# [RECORDS FOR THIS EXERCISE]
▬▬▬
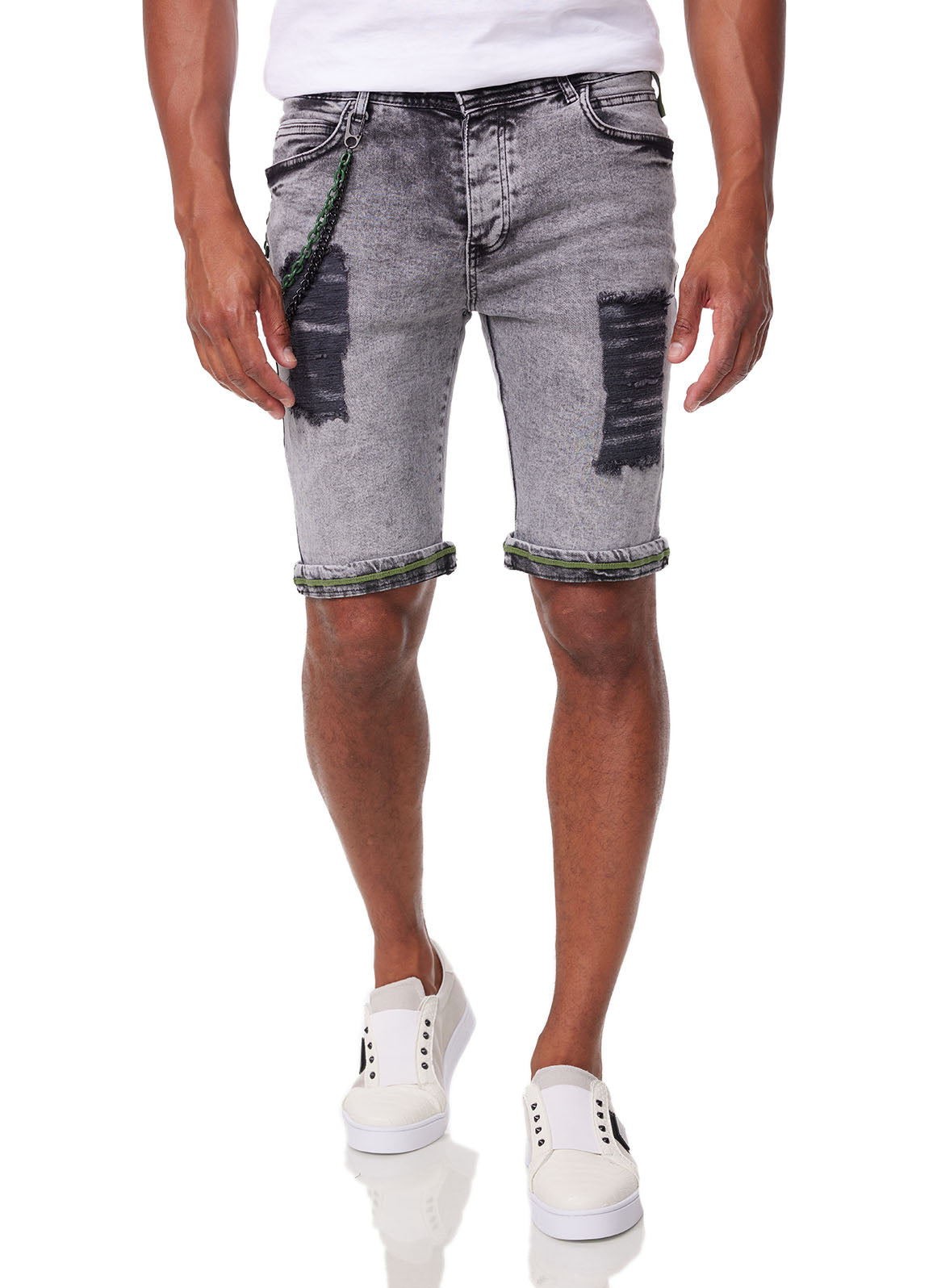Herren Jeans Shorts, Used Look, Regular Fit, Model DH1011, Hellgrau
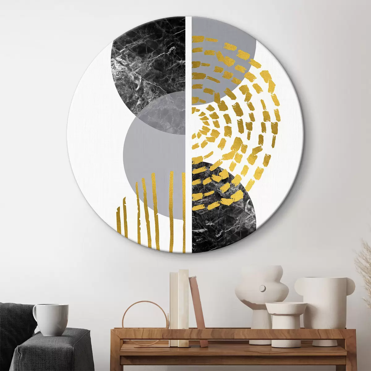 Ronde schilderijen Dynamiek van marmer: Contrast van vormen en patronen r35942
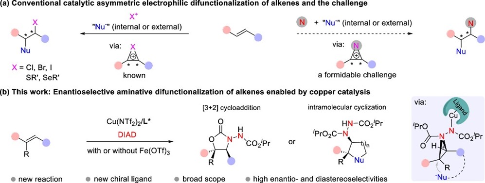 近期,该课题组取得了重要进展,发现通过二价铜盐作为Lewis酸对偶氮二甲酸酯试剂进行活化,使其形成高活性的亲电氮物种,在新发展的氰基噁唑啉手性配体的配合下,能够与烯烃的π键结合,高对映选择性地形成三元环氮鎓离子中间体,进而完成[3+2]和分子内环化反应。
▬▬▬
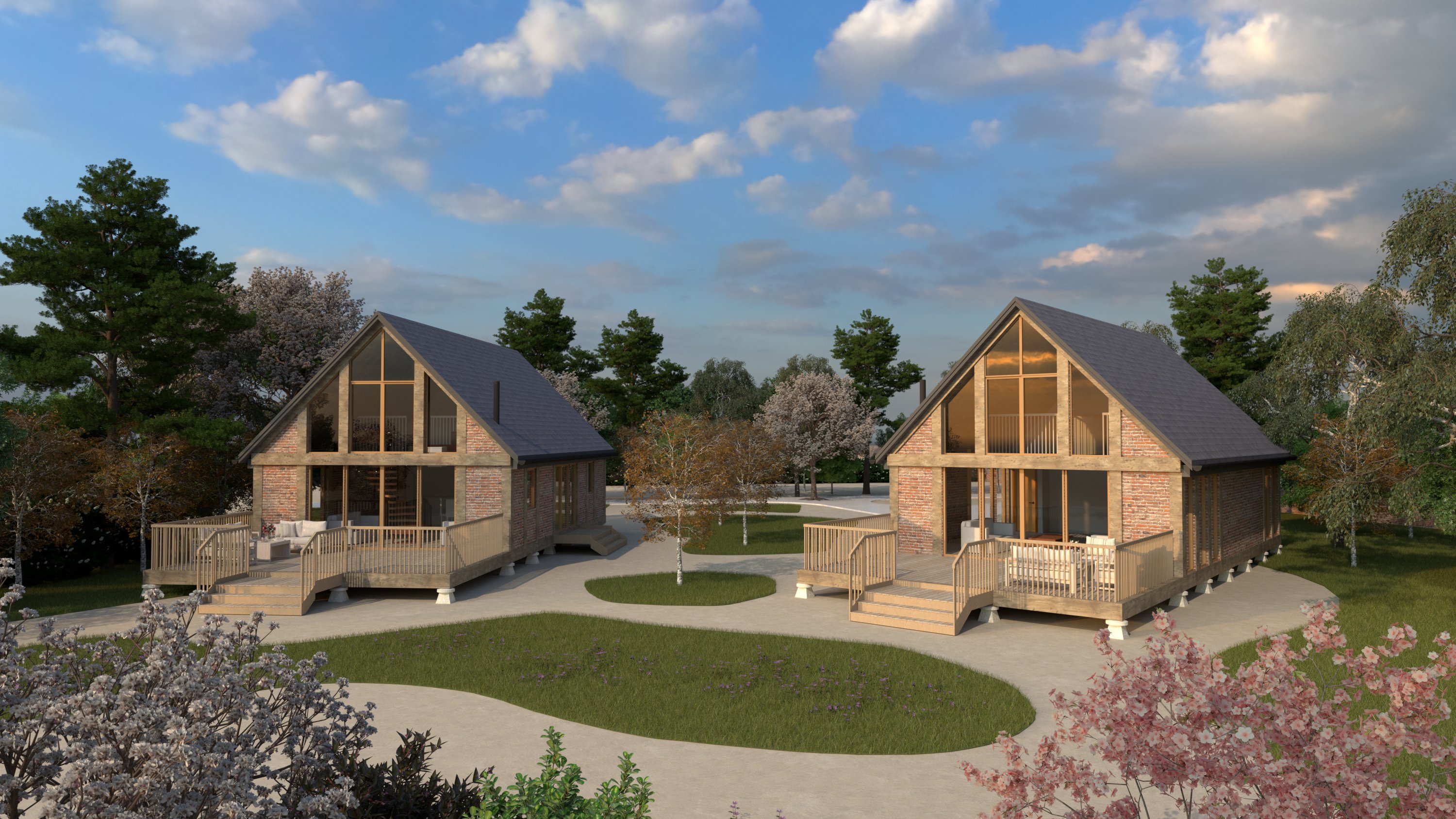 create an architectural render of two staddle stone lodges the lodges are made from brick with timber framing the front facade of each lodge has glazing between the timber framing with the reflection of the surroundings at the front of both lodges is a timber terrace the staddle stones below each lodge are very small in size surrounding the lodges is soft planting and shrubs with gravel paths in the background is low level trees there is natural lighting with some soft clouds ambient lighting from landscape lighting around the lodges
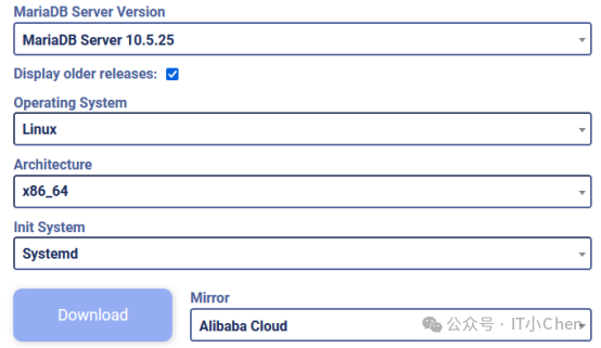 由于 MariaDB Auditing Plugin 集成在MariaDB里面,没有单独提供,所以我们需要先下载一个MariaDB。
▬▬▬
# [EXERCISE INSTRUCTIONS]
Nothing outside the stretch above, from the line with "Herren Jeans Shorts, Used" through the line with "近期,该课题组取得了重要进展", is set down. Transcribe that stretch exactly, ends included, but not its pictures.

# [TASK RESULT]
Herren Jeans Shorts, Used Look, Regular Fit, Model DH1011, Hellgrau
 Ronde schilderijen Dynamiek van marmer: Contrast van vormen en patronen r35942
 近期,该课题组取得了重要进展,发现通过二价铜盐作为Lewis酸对偶氮二甲酸酯试剂进行活化,使其形成高活性的亲电氮物种,在新发展的氰基噁唑啉手性配体的配合下,能够与烯烃的π键结合,高对映选择性地形成三元环氮鎓离子中间体,进而完成[3+2]和分子内环化反应。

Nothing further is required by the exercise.